Hello I bought my first 2 rats exactly a week ago, they are about 6 weeks old. When I first got them and put them in the cage they would play fight and always sleep together. Now that it's been a week since I got them I feel like their play fighting has gotten a lot more serious and idk if its so much playing anymore  They squeak when they do it and they go rolling around the whole cage. I heard that if there's no blood than its fine but idk I hate to see them fight. Also, they used to sleep together all the time. But now one usually sleeps on one side of the cage and the other on the other side. Sometimes they will still sleep together but not as often anymore. Would just like some opinions from you guys  I want my baby's to be happy


----------



## Rumy91989 (Dec 31, 2012)

As they grow up they're going to have a lot of tumbling matches as both play and as their continued struggle to figure out who's the alpha rat. It's really totally normal and nothing to worry about. Rats also sleep together on and off, depending on their mood, the temperature of the cage, and whether one has the energy to go across the cage to cuddle with the other when they're tired. I think your boys are going to be perfectly fine.


----------



## Rat Daddy (Sep 25, 2011)

I'm a little confused... when they play with you, outside the cage how does that go? 

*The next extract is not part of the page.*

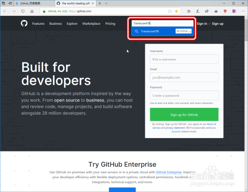2.在官网页面,搜索框搜刮“TranslucentTB”。

You should be a strong referee during your play sessions so neither rat gets confused into thinking it's the alpha or that it can be in charge and push it's roommate around as you are the only alpha and you are the only one in charge of the pack. A single strong leader creates discipline and pack order and happy rats. Left to their own devices one rat will overpower the other and as there's just not enough room for the other rat to retreat in a cage things can go sideways.


----------



## Fefe8642 (Apr 18, 2013)

Well I got them a week ago, and I've only played with them once. I put them both in the bathroom with me with a couple of tunnels and toys and I just sat there watching them. They didnt really do any play fighting in the bathroom, mostly just explored and seemed very scared. But they did come up to me and walk on me a couple of times.


----------



## Rat Daddy (Sep 25, 2011)

Pretend for a moment that your rats were adopted children or even puppies.... now re-read your previous comment... 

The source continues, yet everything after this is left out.